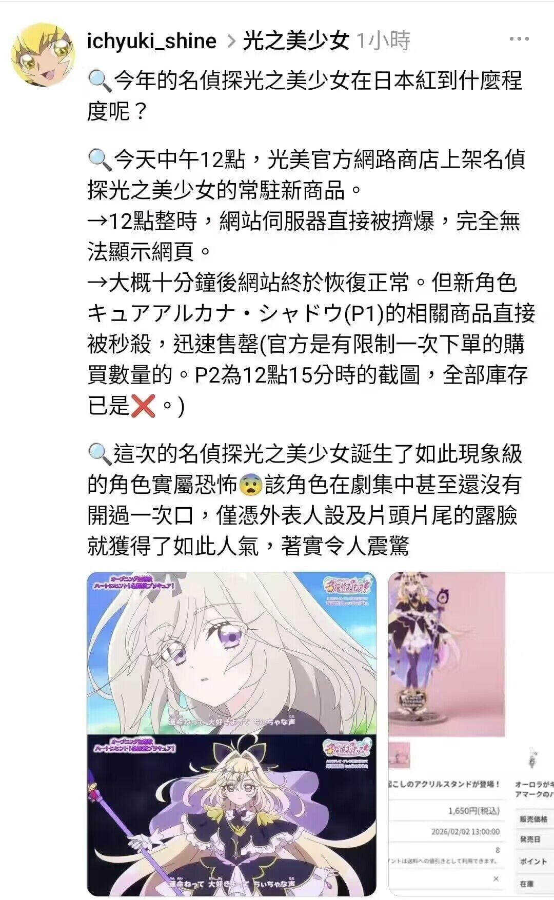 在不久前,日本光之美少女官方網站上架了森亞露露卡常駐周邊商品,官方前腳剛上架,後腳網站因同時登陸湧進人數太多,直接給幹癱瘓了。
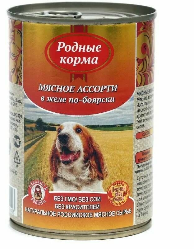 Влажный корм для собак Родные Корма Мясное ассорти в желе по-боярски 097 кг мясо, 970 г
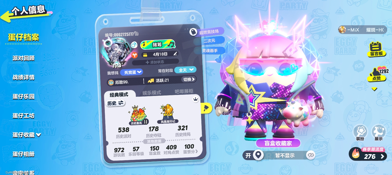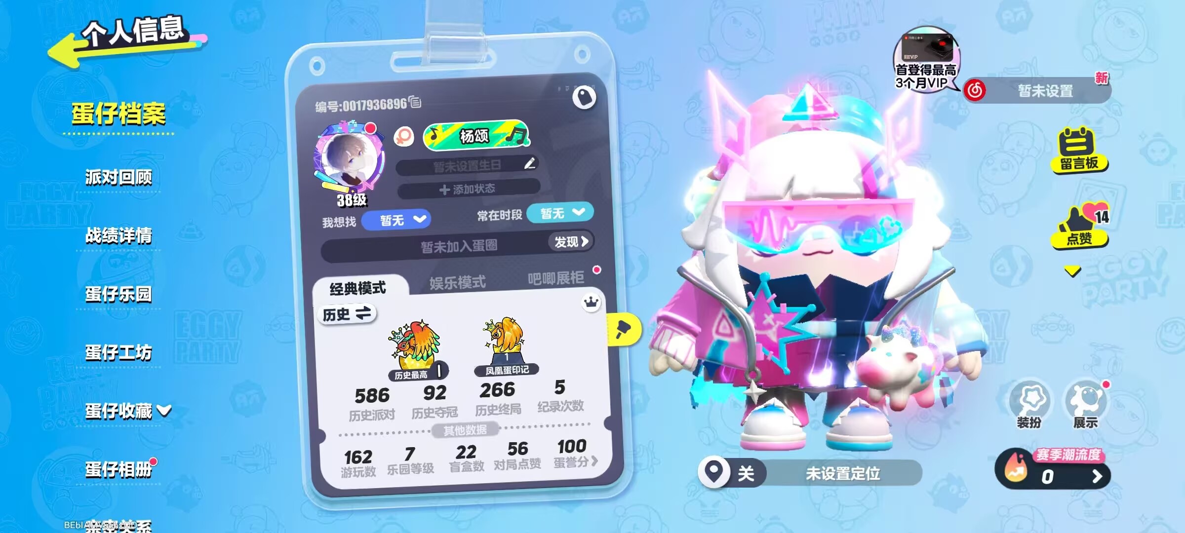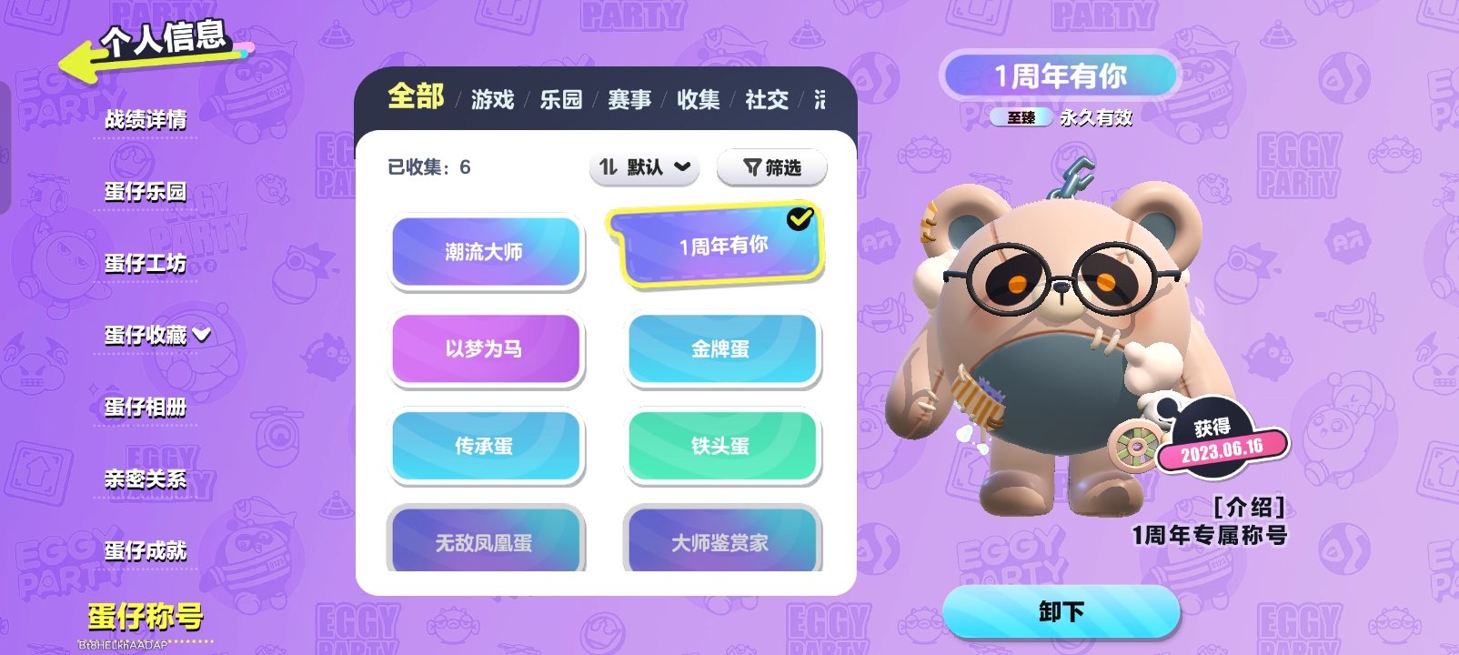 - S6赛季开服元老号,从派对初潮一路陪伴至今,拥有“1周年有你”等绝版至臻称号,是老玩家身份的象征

==

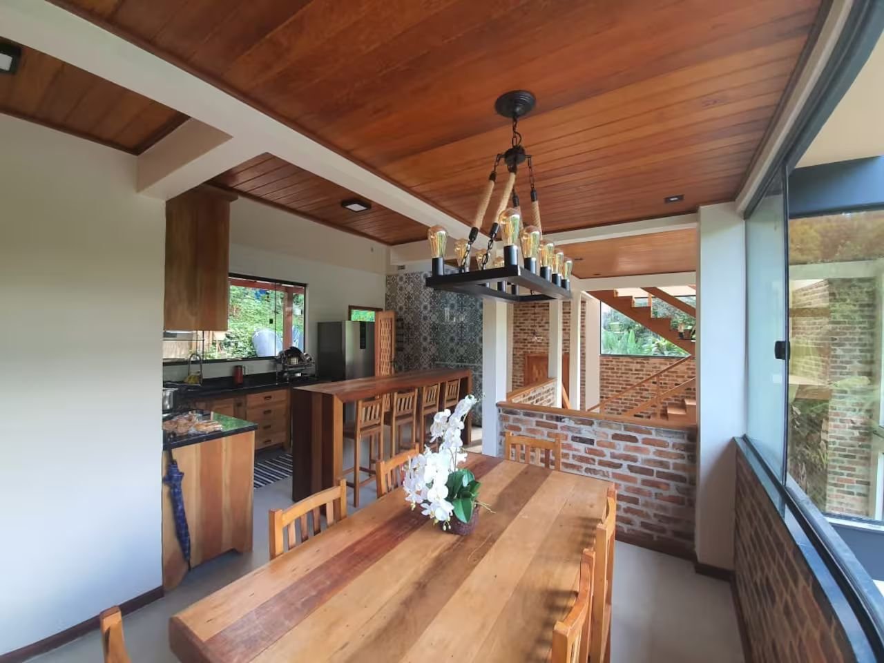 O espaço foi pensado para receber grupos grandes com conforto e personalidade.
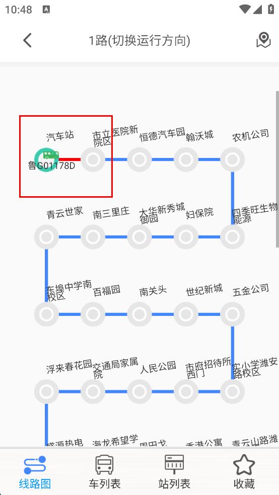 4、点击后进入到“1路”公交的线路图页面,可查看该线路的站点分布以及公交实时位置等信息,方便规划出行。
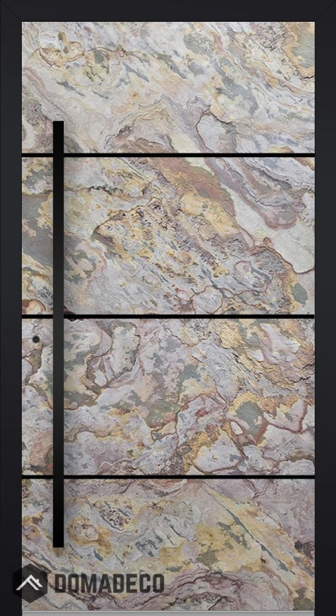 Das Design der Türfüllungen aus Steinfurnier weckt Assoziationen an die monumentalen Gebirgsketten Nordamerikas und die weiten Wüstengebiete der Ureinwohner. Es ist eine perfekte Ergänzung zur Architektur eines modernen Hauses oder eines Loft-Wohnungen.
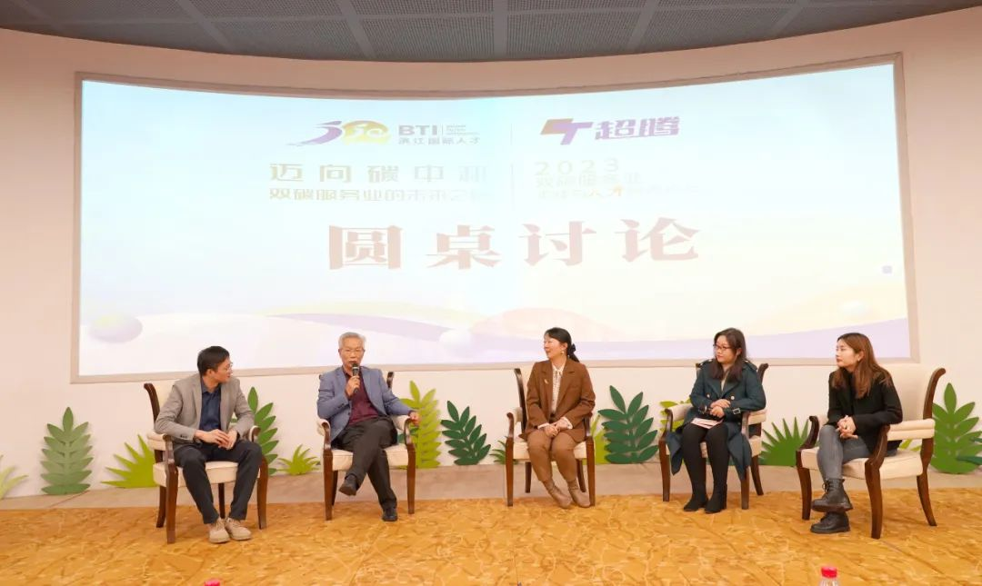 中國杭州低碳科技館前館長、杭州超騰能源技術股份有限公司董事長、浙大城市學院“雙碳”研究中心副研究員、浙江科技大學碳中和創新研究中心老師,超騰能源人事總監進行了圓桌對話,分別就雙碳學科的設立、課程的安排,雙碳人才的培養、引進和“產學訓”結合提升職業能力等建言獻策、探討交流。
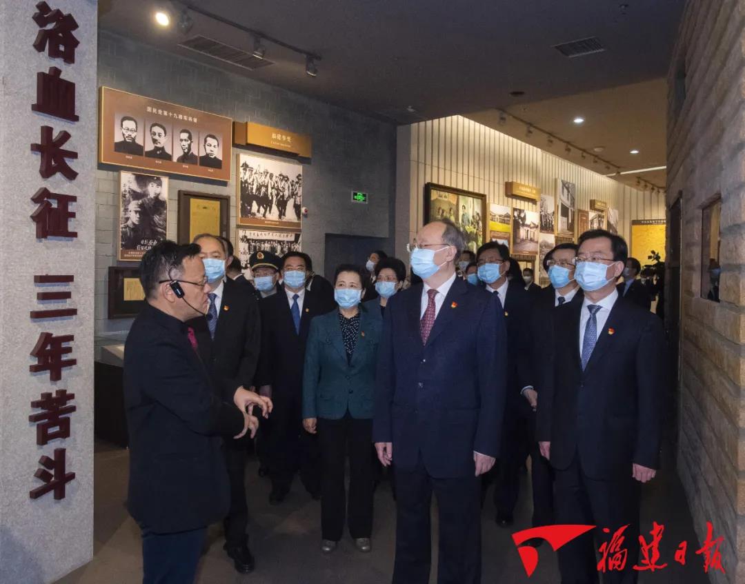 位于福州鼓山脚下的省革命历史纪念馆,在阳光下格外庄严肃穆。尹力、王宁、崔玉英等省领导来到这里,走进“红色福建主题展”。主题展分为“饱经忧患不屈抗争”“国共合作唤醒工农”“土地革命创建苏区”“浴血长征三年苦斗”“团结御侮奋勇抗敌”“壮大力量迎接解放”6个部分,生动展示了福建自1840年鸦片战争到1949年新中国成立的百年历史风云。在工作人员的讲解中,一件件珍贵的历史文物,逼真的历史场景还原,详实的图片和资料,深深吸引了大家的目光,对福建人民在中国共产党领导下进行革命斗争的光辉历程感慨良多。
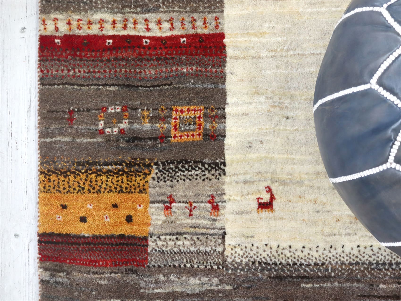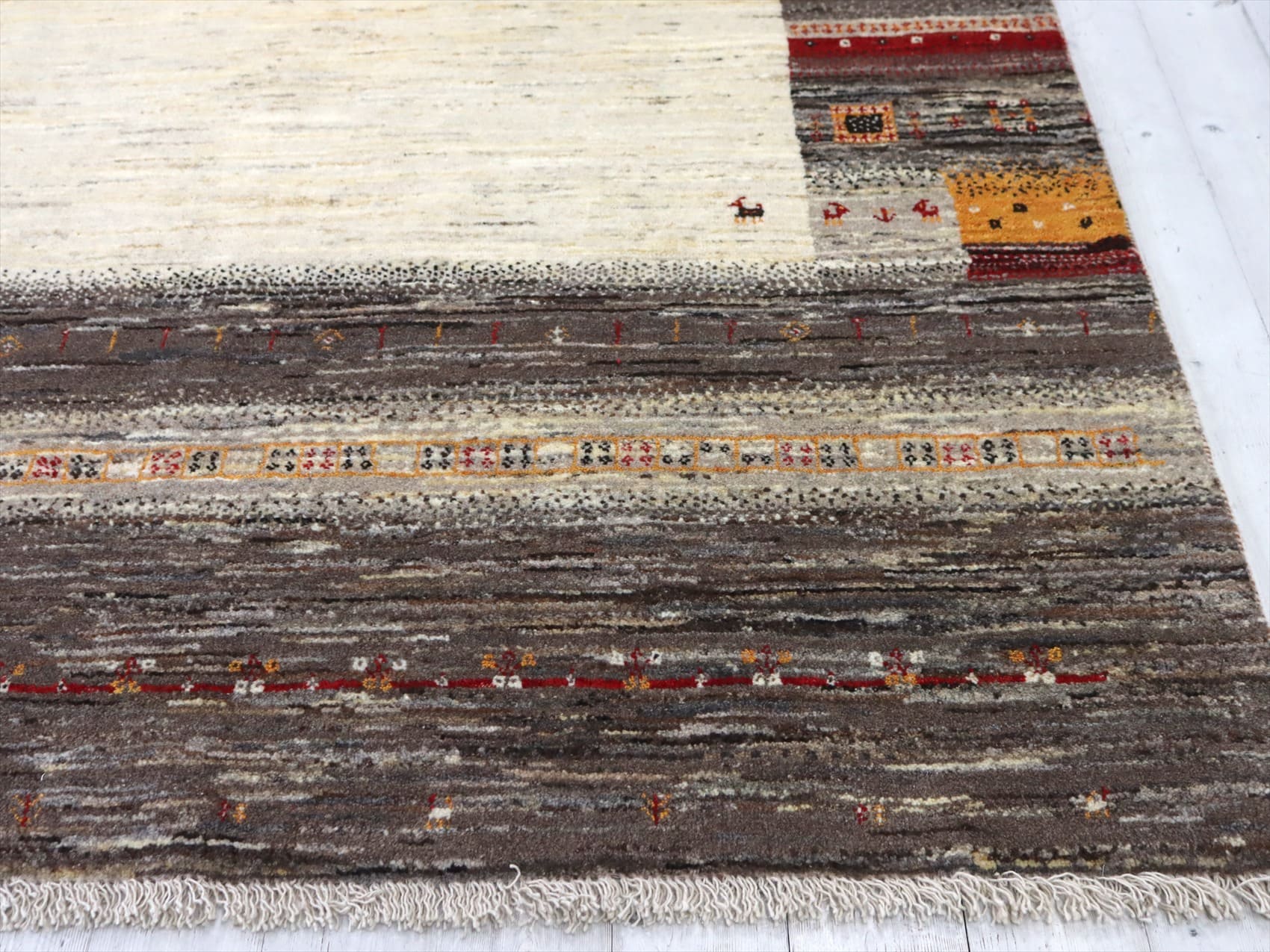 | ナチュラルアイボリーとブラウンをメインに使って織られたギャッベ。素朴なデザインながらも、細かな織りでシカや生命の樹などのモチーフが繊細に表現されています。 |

==

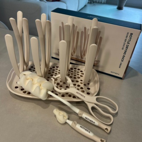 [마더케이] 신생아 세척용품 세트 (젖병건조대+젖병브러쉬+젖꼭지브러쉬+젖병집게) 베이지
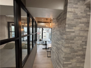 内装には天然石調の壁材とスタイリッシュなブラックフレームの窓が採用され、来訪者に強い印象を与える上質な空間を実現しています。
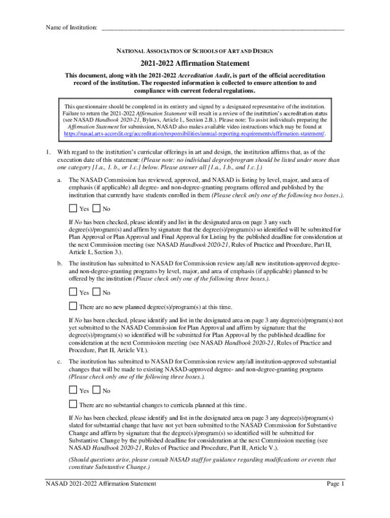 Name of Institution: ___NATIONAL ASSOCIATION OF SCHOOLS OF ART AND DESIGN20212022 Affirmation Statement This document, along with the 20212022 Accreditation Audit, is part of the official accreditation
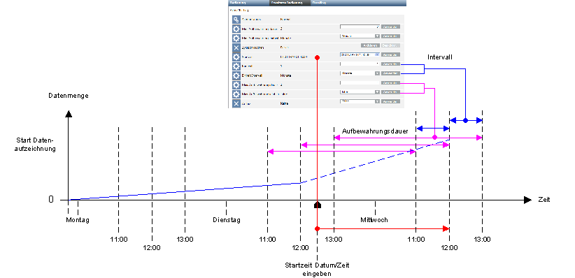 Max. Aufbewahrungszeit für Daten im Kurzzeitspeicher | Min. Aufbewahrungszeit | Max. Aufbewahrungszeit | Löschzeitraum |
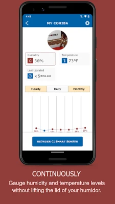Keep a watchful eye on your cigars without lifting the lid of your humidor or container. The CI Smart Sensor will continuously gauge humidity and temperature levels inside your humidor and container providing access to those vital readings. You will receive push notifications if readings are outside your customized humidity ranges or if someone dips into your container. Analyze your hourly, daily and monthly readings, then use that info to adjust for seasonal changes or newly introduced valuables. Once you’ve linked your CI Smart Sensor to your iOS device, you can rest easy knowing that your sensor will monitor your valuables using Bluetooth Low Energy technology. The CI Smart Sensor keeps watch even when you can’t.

* **WORK ORDER**: The response must repeat exactly the lines above from the one with "在不久前,日本光之美少女官方" through the one with "- S6赛季开服元老号,从派", including both, and must contain no pictures and no other text.

* **RESPONSE TO THE EXERCISE**:
 在不久前,日本光之美少女官方網站上架了森亞露露卡常駐周邊商品,官方前腳剛上架,後腳網站因同時登陸湧進人數太多,直接給幹癱瘓了。
 Влажный корм для собак Родные Корма Мясное ассорти в желе по-боярски 097 кг мясо, 970 г
 - S6赛季开服元老号,从派对初潮一路陪伴至今,拥有“1周年有你”等绝版至臻称号,是老玩家身份的象征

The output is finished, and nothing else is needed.